Projektsprachen: Deutsch, Kroatisch – die Konferenz wird simultan gedolmetscht

Die starke Zuwanderung aus Kroatien nach Deutschland hat eine lange Geschichte und reicht wenigstens bis zum Zweiten Weltkrieg zurück. Daraus ergibt sich bereits eine wichtige Frage: Wie wurden diese Erfahrungen und das Wissen über das Ziel- bzw. Herkunftsland von Generation zu Generation weitergegeben? Gleichzeitig ist die Migration oft kein abgeschlossener Prozess. Viele Migranten aus Kroatien planen im Laufe ihres Lebens wieder zurückzukehren und halten daher enge Beziehungen mit ihrer Heimat aufrecht; manchmal entdeckt die zweite oder dritte Generation, dass ihre Kenntnisse von der „alten Heimat“ von Vorteil sein können, wenn sie etwa dort einen Betrieb eröffnen wollen. Mit ihren mitgebrachten kulturellen Praktiken und Erinnerungen haben die Migranten und ihre Nachkommen stark zum Wandel der deutschen Gesellschaft, ja zu ihrer Modernisierung beigetragen. Gleichzeitig ist zu fragen, ob es Wege gibt, die positiven Effekte der Migration für das Abwanderungsland zu stärken, das die Emigration vor allem als Verlust von Humankapital erlebt.

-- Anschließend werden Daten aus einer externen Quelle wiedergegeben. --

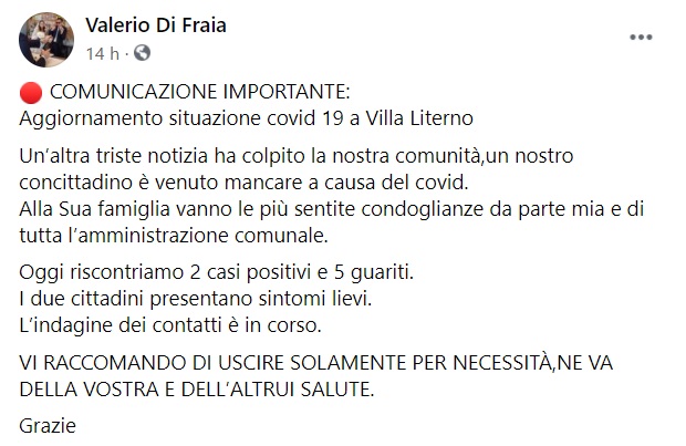 "COMUNICAZIONE IMPORTANTE: Aggiornamento situazione covid 19 a Villa Literno Un’altra triste notizia ha colpito la nostra comunità,un nostro concittadino è venuto mancare a causa del covid. Alla Sua famiglia vanno le più sentite condoglianze da parte mia e di tutta l’amministrazione comunale. -Si legge nella nota- Oggi riscontriamo 2 casi positivi e 5 guariti. I due cittadini presentano sintomi lievi. L’indagine dei contatti è in corso. VI RACCOMANDO DI USCIRE SOLAMENTE PER NECESSITÀ,NE VA DELLA VOSTRA E DELL’ALTRUI SALUTE. Grazie"

Vor diesem Hintergrund untersucht das Projekt anhand exemplarischer Fragestellungen und ausgewählter Regionen das transnationale Migrationsgeschehen zwischen Kroatien und Deutschland. Im Fokus stehen die Migrantinnen und Migranten sowie ihre Nachkommen.

Gefragt wird:

  • wie diese durch ihr Handeln sowohl die deutsche als auch die kroatische Gesellschaft seit den 1960er Jahren verändert haben,
  • wie sich dadurch ihre eigenen kulturellen Identitäten, ihre Werthaltungen und Zukunftsentwürfe transformierten
  • und vor welchen Herausforderungen RemigrantInnen stehen, wenn diese nach Kroatien zurückkehren und sich hier eine neue Existenz aufbauen.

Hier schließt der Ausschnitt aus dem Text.